#### Exercise description
Pictures aside, write out every record exactly as it appears.

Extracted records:

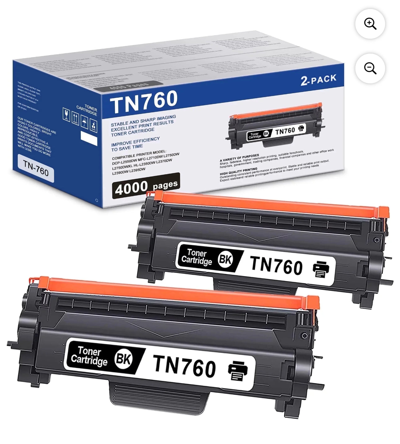 TN760 TN 760 Toner Cartridge Black 2-Pack Replacement for Brother TN760 TN 760 TN-760 TN730 TN 730 Toner for MFC-L2710DW MFC-L2750DW HL-L2370DW HL-L2395DW DCP-L2550DW Printer
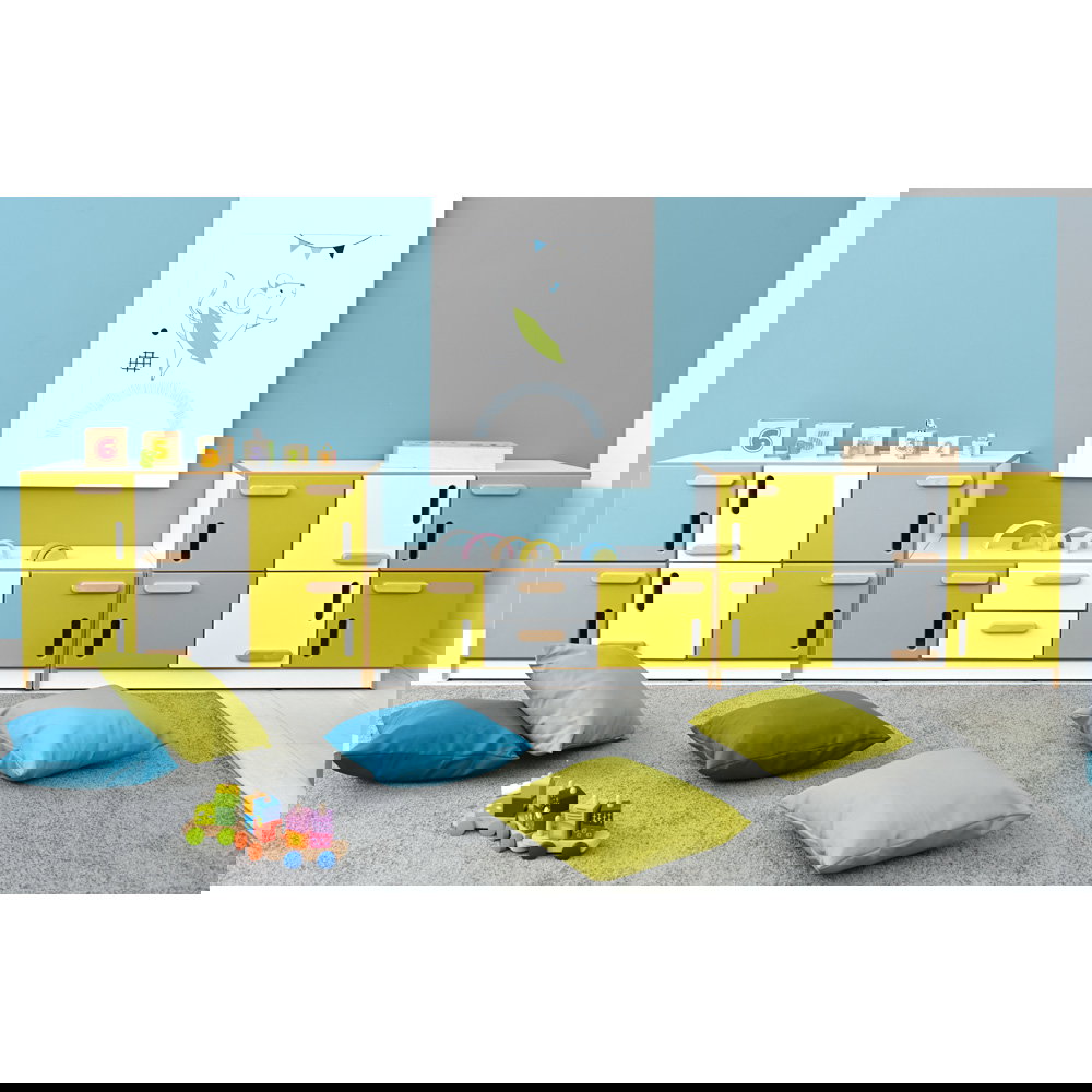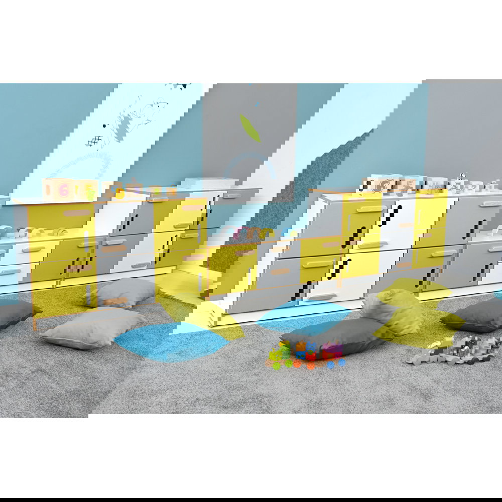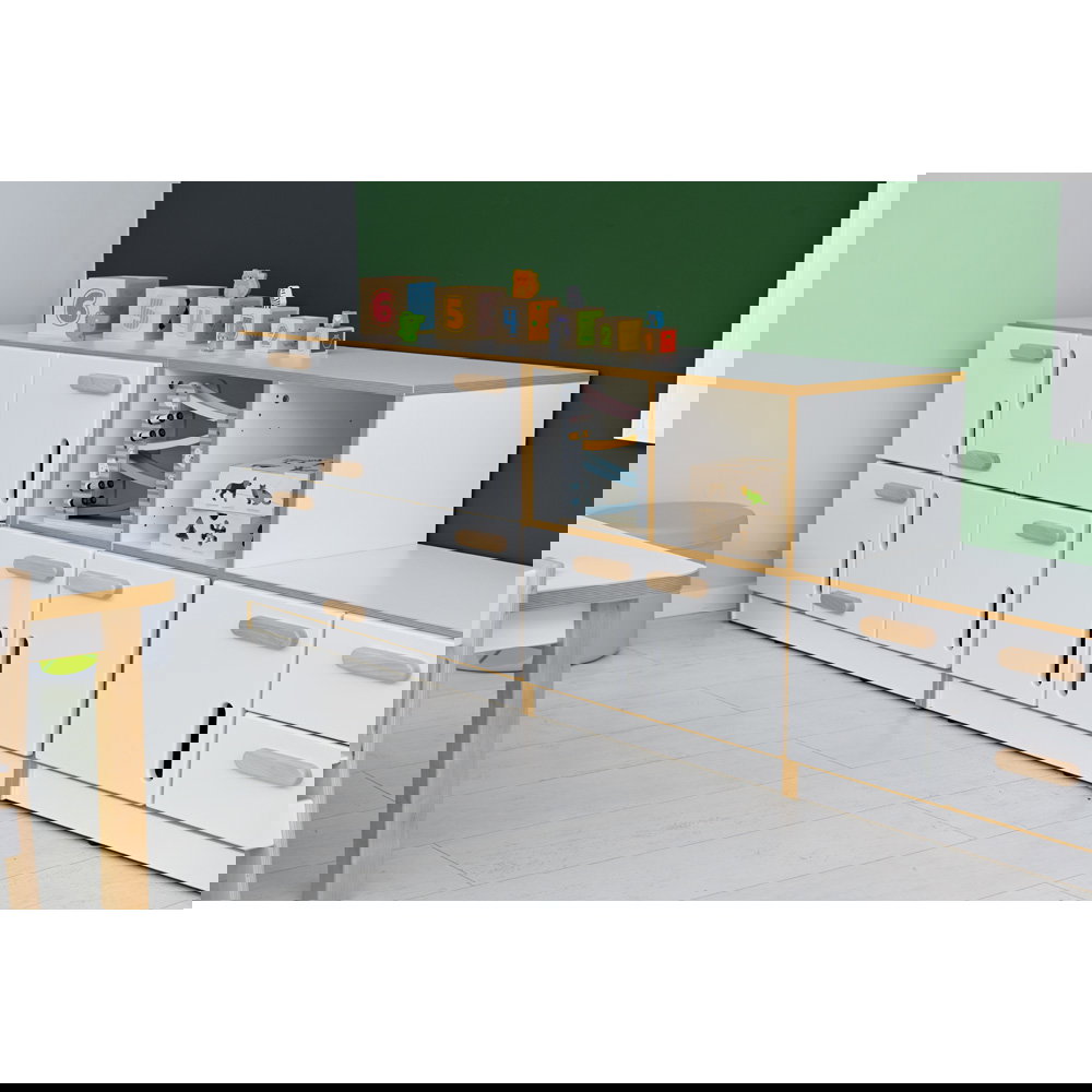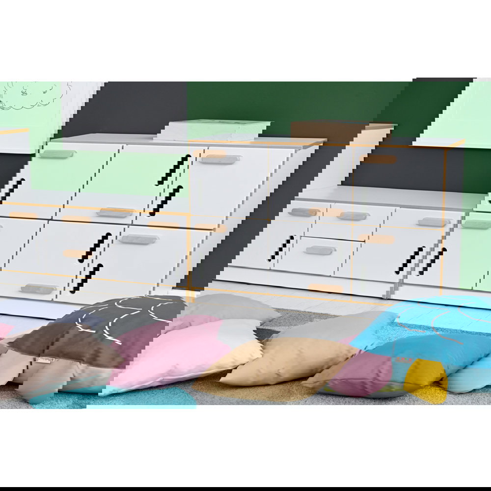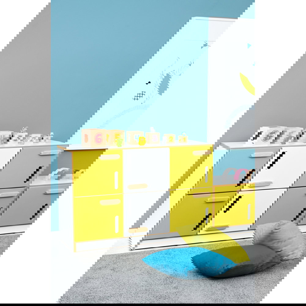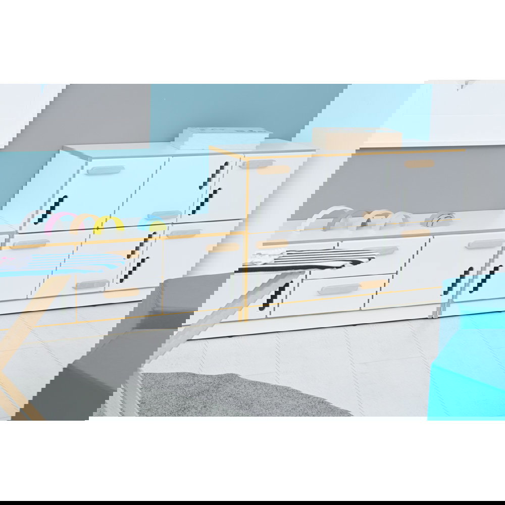 Mit einer Höhe von nur 68 cm ist dieser Schrank ideal für Kinder dimensioniert. Sie können auch die oberen Fächer problemlos erreichen, was die Selbstständigkeit fördert und dazu einlädt, Verantwortung für die eigenen Sachen zu übernehmen. - Flexible Nutzung als Sideboard
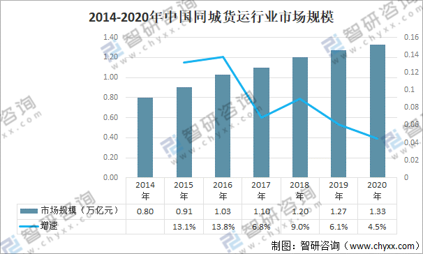 2014-2020年中國(guó)同城貨運(yùn)行業(yè)市場(chǎng)規(guī)模
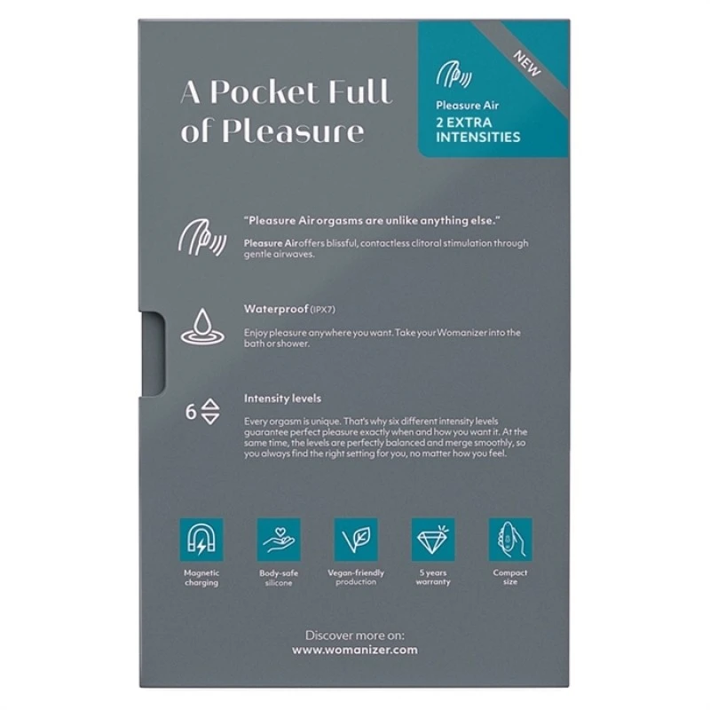 L’invention révolutionnaire de Womanizer qui a changé la donne en matière de jouets sexuels. Notre technologie originale Pleasure Air Technology offre une stimulation sans contact grâce à une légère pression d’air sur votre clitoris. Le résultat ? Vous avez l’impression de marcher sur l’air. Laissez les douces vibrations vous guider vers des orgasmes incroyables.
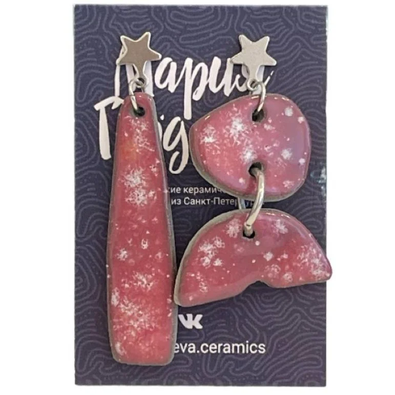 Серьги Мария Гордеева асимметричные составные, керамика, тёмно-розовые
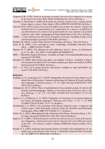7. Воробьева Е. Ю. Цветовая номинация как когнитивно-эмоциональная деятельность (на примере цветообозначений французского языка) / Е. Ю. Воробьева // Вестник Московского университета. Серия 19. Лингвистика и межкультурная коммуникация. - 2024. - Т. 27 - № 1. - C. 194-200. - https://doi.org/10.55959/MSU-2074-1588-19-27-1-14.
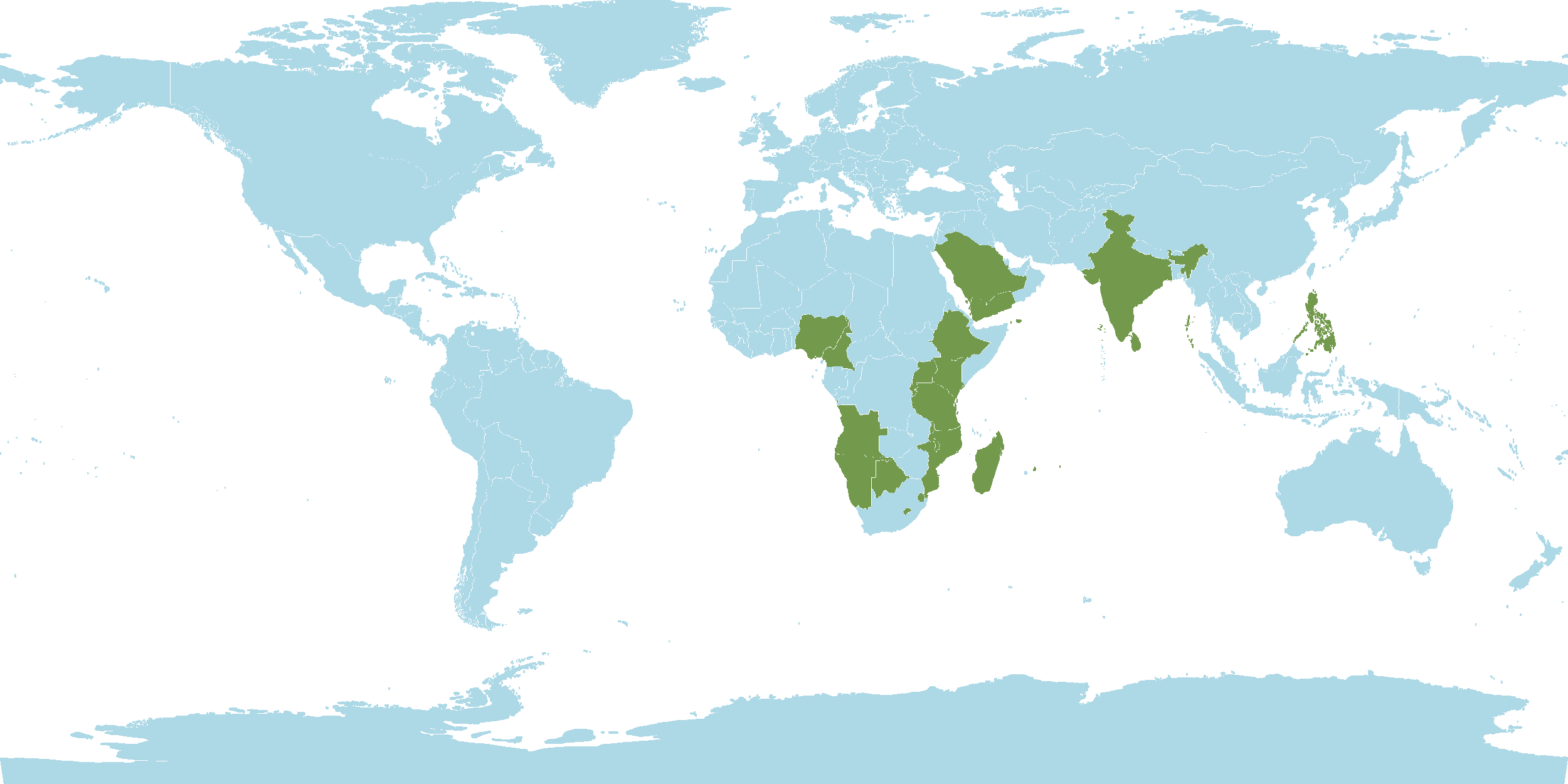 - Native : Angola, Botswana, Burundi, Cameroon, Cape Provinces, Ethiopia, Free State, Gulf of Guinea Is., Kenya, KwaZulu-Natal, Lesotho, Malawi, Mozambique, Namibia, Nigeria, Northern Provinces, Rwanda, Saudi Arabia, Sri Lanka, Swaziland, Tanzania, Uganda, Yemen, Za
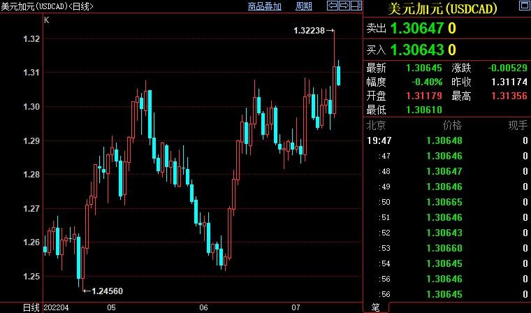 美元兑加元本周创2020年11月上旬以来新高至1.3222,但加拿大央行深化鹰派姿态,限制了加元跌势,汇价目前运行在1.31关口下方。
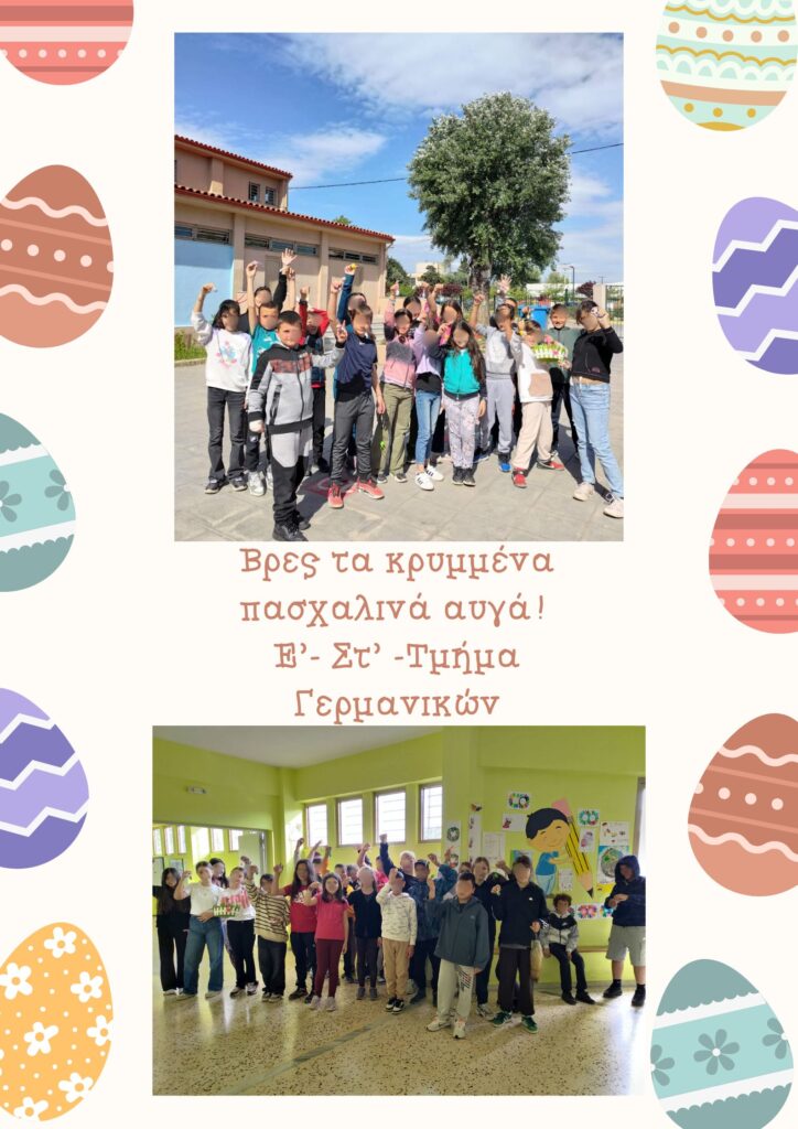 Λίγο πριν τις διακοπές του Πάσχα, η εκπαιδευτικός των Γερμανικών του σχολείου μας, κ. Άννα Μαυρίδου, αποφάσισε να αποχαιρετήσει τα παιδιά με ένα πολύ όμορφο παραδοσιακό γερμανικό παιχνίδι. Οι Ε’ και Στ΄ τάξεις μας, έψαξαν και βρήκαν τα κρυμμένα πασχαλινά αυγά στην αυλή του σχολείου μας! Στο τέλος τα μοιράστηκαν και τα απόλαυσαν με χαρά!
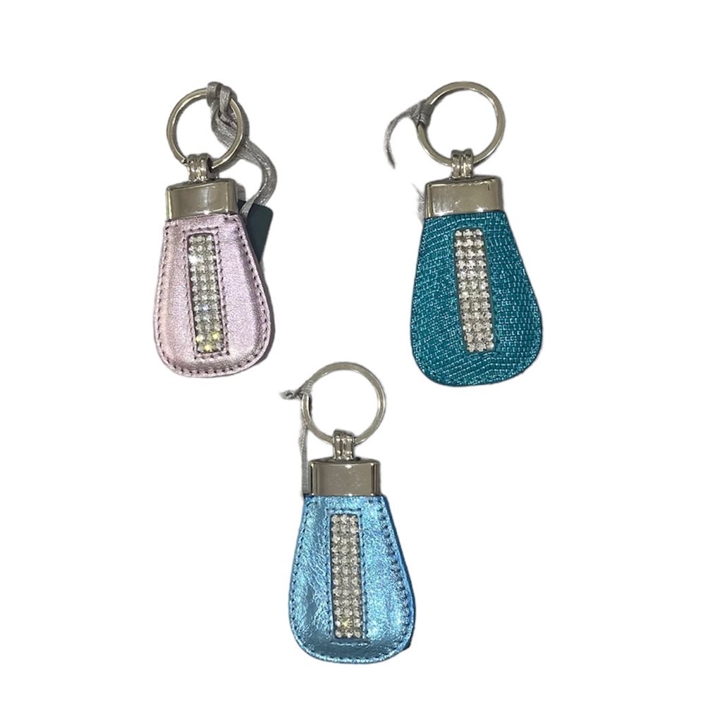 Elegáns,trendi bőr kulcstartó swarovszky kristályokkal díszítve. Méret: 8 x 4,5 cm Szín: arany,ezüst.
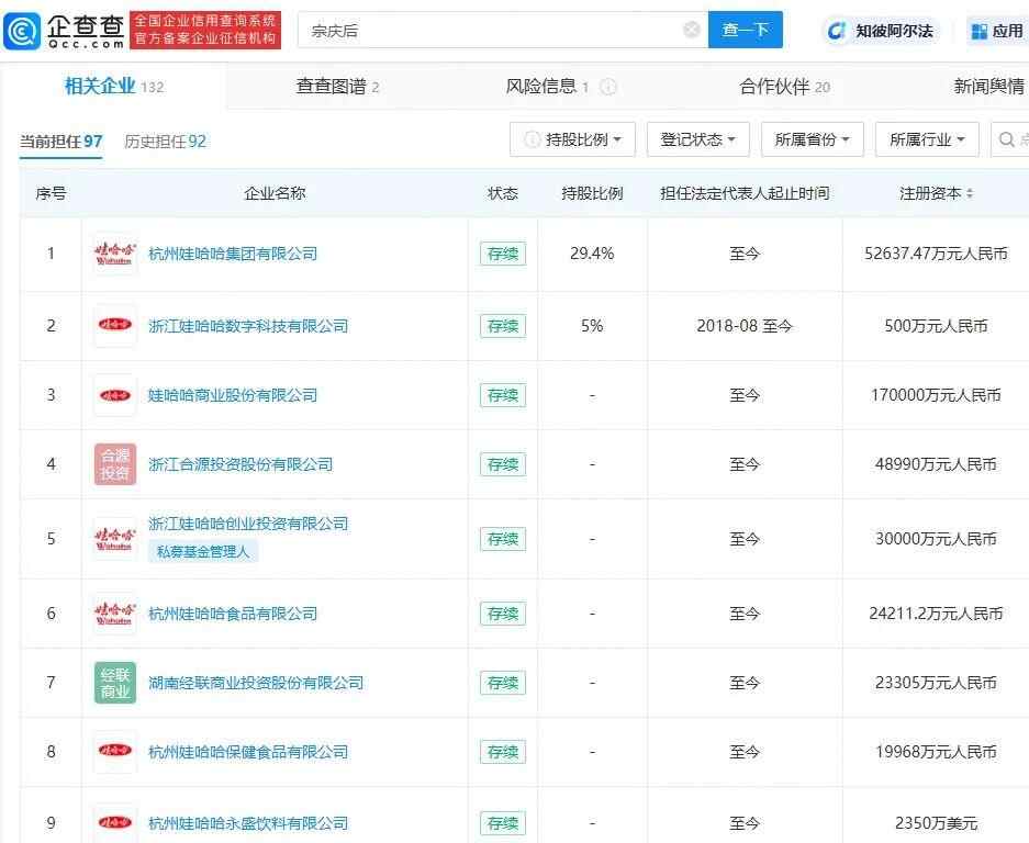 目前,宗庆后仍在97家公司担任法定代表人,其中包括杭州娃哈哈集团有限公司、浙江娃哈哈数字科技有限公司、娃哈哈商业股份有限公司、杭州娃哈哈食品有限公司等。

#### Solution to this task
 TN760 TN 760 Toner Cartridge Black 2-Pack Replacement for Brother TN760 TN 760 TN-760 TN730 TN 730 Toner for MFC-L2710DW MFC-L2750DW HL-L2370DW HL-L2395DW DCP-L2550DW Printer
 Mit einer Höhe von nur 68 cm ist dieser Schrank ideal für Kinder dimensioniert. Sie können auch die oberen Fächer problemlos erreichen, was die Selbstständigkeit fördert und dazu einlädt, Verantwortung für die eigenen Sachen zu übernehmen. - Flexible Nutzung als Sideboard
 2014-2020年中國(guó)同城貨運(yùn)行業(yè)市場(chǎng)規(guī)模
 L’invention révolutionnaire de Womanizer qui a changé la donne en matière de jouets sexuels. Notre technologie originale Pleasure Air Technology offre une stimulation sans contact grâce à une légère pression d’air sur votre clitoris. Le résultat ? Vous avez l’impression de marcher sur l’air. Laissez les douces vibrations vous guider vers des orgasmes incroyables.
 Серьги Мария Гордеева асимметричные составные, керамика, тёмно-розовые
7. Воробьева Е. Ю. Цветовая номинация как когнитивно-эмоциональная деятельность (на примере цветообозначений французского языка) / Е. Ю. Воробьева // Вестник Московского университета. Серия 19. Лингвистика и межкультурная коммуникация. - 2024. - Т. 27 - № 1. - C. 194-200. - https://doi.org/10.55959/MSU-2074-1588-19-27-1-14.
 - Native : Angola, Botswana, Burundi, Cameroon, Cape Provinces, Ethiopia, Free State, Gulf of Guinea Is., Kenya, KwaZulu-Natal, Lesotho, Malawi, Mozambique, Namibia, Nigeria, Northern Provinces, Rwanda, Saudi Arabia, Sri Lanka, Swaziland, Tanzania, Uganda, Yemen, Za
 美元兑加元本周创2020年11月上旬以来新高至1.3222,但加拿大央行深化鹰派姿态,限制了加元跌势,汇价目前运行在1.31关口下方。
 Λίγο πριν τις διακοπές του Πάσχα, η εκπαιδευτικός των Γερμανικών του σχολείου μας, κ. Άννα Μαυρίδου, αποφάσισε να αποχαιρετήσει τα παιδιά με ένα πολύ όμορφο παραδοσιακό γερμανικό παιχνίδι. Οι Ε’ και Στ΄ τάξεις μας, έψαξαν και βρήκαν τα κρυμμένα πασχαλινά αυγά στην αυλή του σχολείου μας! Στο τέλος τα μοιράστηκαν και τα απόλαυσαν με χαρά!
 Elegáns,trendi bőr kulcstartó swarovszky kristályokkal díszítve. Méret: 8 x 4,5 cm Szín: arany,ezüst.
 目前,宗庆后仍在97家公司担任法定代表人,其中包括杭州娃哈哈集团有限公司、浙江娃哈哈数字科技有限公司、娃哈哈商业股份有限公司、杭州娃哈哈食品有限公司等。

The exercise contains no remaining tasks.